I ask whether it’s in a city’s ability to solve these challenges that gig workers have. When we think about why gig workers have to work in extreme heat or rain, it is because when work goes on software, time is the focus. On-demand food delivery, on-demand taxi delivery, on-demand house help services means that time is the product, not the labour. The demand is to have it ‘now’.
The challenge then is what is the role of the city, is there a role of the labour department, the IT department. What the city can do is provide basic infrastructure, housing, and access to sanitation and water. We have been talking about gig workers on the streets but the challenge is also with informal workers; when they go home, it’s no better. So, addressing the housing issue, materials of their housing, access to water are as important as thinking about their work.
Cities are experimenting with shelters; we see break centres for workers. Chennai just announced it, Ahmedabad has had different versions of this by organisations like SEWA. It’s unclear how to evaluate the long-term use of these interventions but we do need more access to shelters and clear water for all workers.

Photo: Wikimedia Commons
In your experience, which cities have successfully provided for gig and platform workers to work with dignity and in extreme weather conditions?

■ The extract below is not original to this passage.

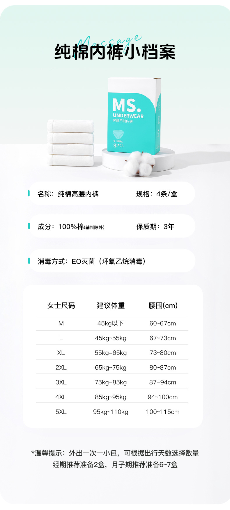 高腰一次性内裤女纯棉灭菌舒适日抛内裤独立包装差旅便携免洗内裤

There’s a business case to be made that when it’s really hot and nobody wants to go out is when you want food delivered. So, there’s a consumer-side problem; they need to be educated. In Singapore, for example, companies have developed a heat index that they use in their decision-making about incentives and discounts on food, and incentives for workers. But cities like Singapore also have public infrastructure, toilets and shade, and don’t have as many exclusionary practices as we do. We don’t let people into buildings, into malls, close to ACs. So, they often wait outdoors in the heat and parking lots.
How can cities ensure that the women in app-based work, contributing to the city’s economy, are recognised?
Whether they work on a gig platform, produce for Amazon or beedi contractor, they are equally important. The difference in gig work is there’s one player involved which makes it easy to shift or regulate it. All forms of women’s work have to be recognised. Many feminist economists wanted women’s work to be visiblised so that their productivity and contribution to GDP was highlighted. It’s taken 50 years. We have moved beyond recognising their involvement in the economy to recognising their vulnerability. Now the question is, how do make it safe for them, make them less vulnerable?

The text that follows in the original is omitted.